Output the full listing below exactly as it reads, and skip anything that is a picture.
** Opening Available data block **
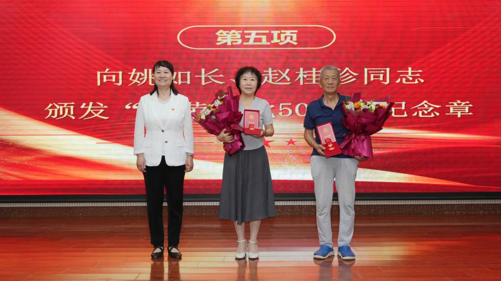 会上,为姚如长和赵桂珍2名同志颁发了“光荣在党50年”纪念章;为2025年新发展党员代表佩戴了党员徽章;新发展党员进行了入党宣誓,老党员重温了入党誓词。
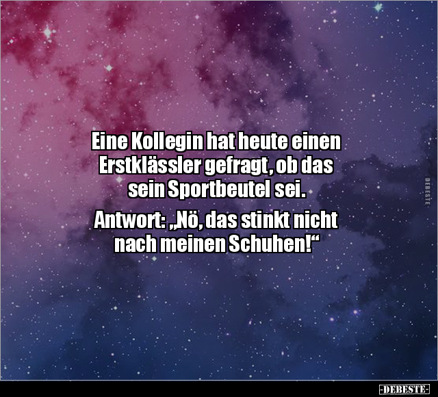 Eine Kollegin hat heute einen Erstklässler gefragt, ob das sein Sportbeutel sei. Antwort: „Nö, das stinkt nicht nach meinen Schuhen!“
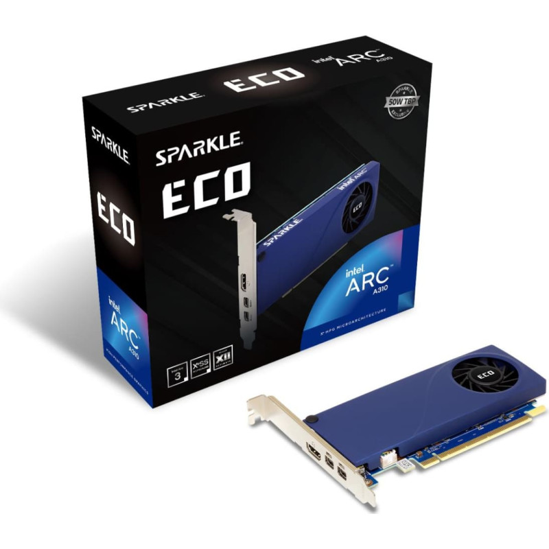 summary: Sparkle Technology Intel Arc A310 ECO. Graphics processor family: Intel, Graphics processor: Arc A310, Processor frequency: 1000 MHz. Discrete graphics card memory: 4 GB, Graphics card memory type: GDDR6, Memory bus: 64 bit. Maximum resolution: 7680 x 4320 pixels. DirectX version: 12 Ultimate, OpenGL version: 4.6. Interface type: PCI Express 4.0. Cooling type: Active, Number of fans: 1 fan(s)
** Closing Available data block **
#### [Result for this task]
 会上,为姚如长和赵桂珍2名同志颁发了“光荣在党50年”纪念章;为2025年新发展党员代表佩戴了党员徽章;新发展党员进行了入党宣誓,老党员重温了入党誓词。
 Eine Kollegin hat heute einen Erstklässler gefragt, ob das sein Sportbeutel sei. Antwort: „Nö, das stinkt nicht nach meinen Schuhen!“
 summary: Sparkle Technology Intel Arc A310 ECO. Graphics processor family: Intel, Graphics processor: Arc A310, Processor frequency: 1000 MHz. Discrete graphics card memory: 4 GB, Graphics card memory type: GDDR6, Memory bus: 64 bit. Maximum resolution: 7680 x 4320 pixels. DirectX version: 12 Ultimate, OpenGL version: 4.6. Interface type: PCI Express 4.0. Cooling type: Active, Number of fans: 1 fan(s)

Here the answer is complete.